Robinson não conheceu seu pai que, numa aventura amorosa com sua mãe, engravidou e a abandonou sumindo embora e tendo ouvido falar que já morreu, de cirrose.  Robinson martela um prego e dá para dizer que há uma certa raiva em seu gesto.

O homem martela um prego ao lado da porta, lá do outro lado da rua. Se fosse lá, descobriria que está instalando um sino ali onde mora, um pequeno puxado quarto e sala, que seu nome é Antônio, é viúvo e tem mais de sessenta anos. Mora ali e cuida do estacionamento na parte da noite. O dono do lugar gosta muito de Antônio pois ele salvou sua vida há dez anos quando lhe fez massagens cardíacas até a chegada da ambulância. O homem martela um prego para prender um sino, pois seus netos virão visitá-lo no fim de semana e ele está muito feliz.

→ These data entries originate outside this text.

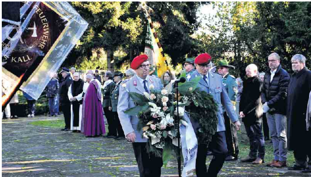
Gedenkfeiern anlässlich des Volkstrauertages finden statt im Kaller Kernort und in Steinfeld.
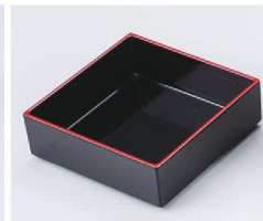
626-402-983 950円 角箱 黒天朱 (11.4×11.4×3.8)
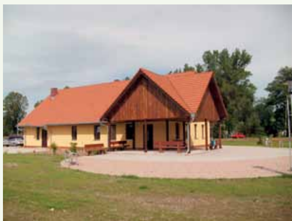
Fot. 6. Centrum Kulturalno-Sportowo-Rekreacyjne w Ratnie Górny

O homem martela um prego, lá do outro lado da rua. Se fosse lá descobriria que seu nome é Ricardo e tem menos de vinte anos. Rapaz jovem que faz pequenos serviços para ganhar uma grana. Seu sonho é ir embora do país e tentar a vida por lá. Tem um primo que está na Espanha. Ricardo quis ser jogador de futebol e não deu certo. Acabou de terminar os estudos e fará um curso de cabeleireiro pois percebe que cabelo, todo mundo que tem, um dia corta e então não faltará trabalho. Sua mãe é cabeleireira e não aconselha, mas ele vai mesmo assim. Daqui, dá pra ver que não dá para ser martelador de pregos. Meio desajeitado para isso. Só que isso não importa.

Um homem martela o prego, lá do outro lado da rua e a imagem chega antes do som, da palavra.